This tool helps you determine the feasible region for a set of linear inequalities.

## How to Use the Feasible Region Calculator

To use the feasible region calculator, follow these steps:

- Enter your constraints in the text area provided. Each constraint should be on a new line, for example:

`x + y ≤ 10`

`x - y ≥ 3`

- Enter your objective function in the input field provided. It should be in the format:

`Maximize z = x + 2y`

or

`Minimize z = 3x - y`

- Click the “Calculate” button to compute the feasible region and obtain the result.

## Output and Limitations

The calculator will display the result in the “Result” field after computing the feasible region based on the given constraints and objective function.

### Limitations

- The current calculator implementation provides a basic feasibility check and should be enhanced for more complex constraint solving.
- Since this implementation does not integrate a sophisticated solver algorithm, the results are only indicative.
- Make sure your constraints and objective functions are formatted correctly as per the examples provided to avoid errors.

## Use Cases for This Calculator

### Calculating Feasible Region for Linear Inequalities

Enter the coefficients and constants of the linear inequalities to visualize and calculate the feasible region where all inequalities are satisfied simultaneously. The calculator will plot the region on a graph and provide the corresponding coordinates.

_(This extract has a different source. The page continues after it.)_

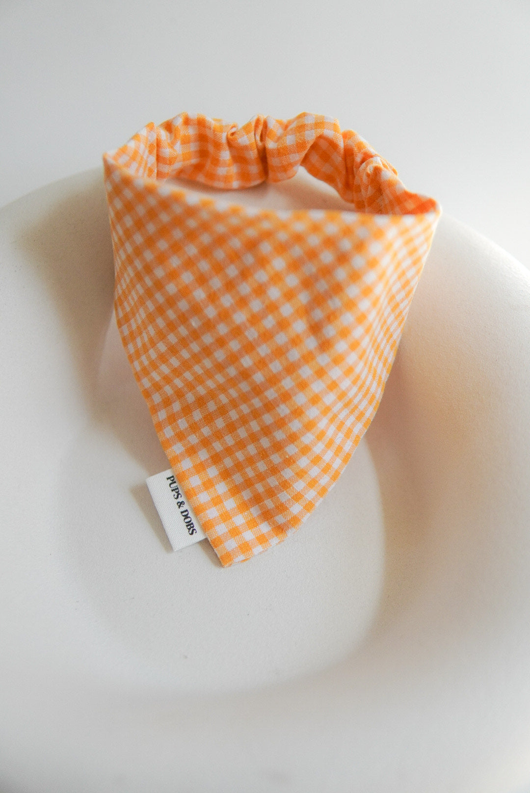 Alla våra bandanas är handgjorda i Finland. Våra bandanas är gjorda med en scrunchie-del i nacken. Scrunchie-delen innehåller ett elastiskt band, som gör bandanan mer flexibel och gör det enkelt för din hund att bära utan att behöva ha ett halsband.

### Determining Feasible Solutions for Optimization Problems

Input the objective function along with the linear constraints to find the feasible solutions that optimize the objective within the given constraints. Explore the feasible region to identify the maximum or minimum points for the objective.

### Plotting Multiple Inequalities on a Graph

Add multiple linear inequalities to the calculator and see them graphed on the same coordinate plane. Visualizing the intersections and boundaries of the inequalities helps in understanding the feasible region better.

### Checking Infeasible Regions

If the linear inequalities lead to an empty feasible region due to contradictory constraints, the calculator will notify you that there are no feasible solutions. Adjust the inequalities to explore valid regions for your problem.

### Solving Systems of Linear Inequalities

Incorporate systems of linear inequalities into the calculator to determine the regions where all inequalities are satisfied simultaneously. Easily identify the feasible area by analyzing the shaded region on the graph.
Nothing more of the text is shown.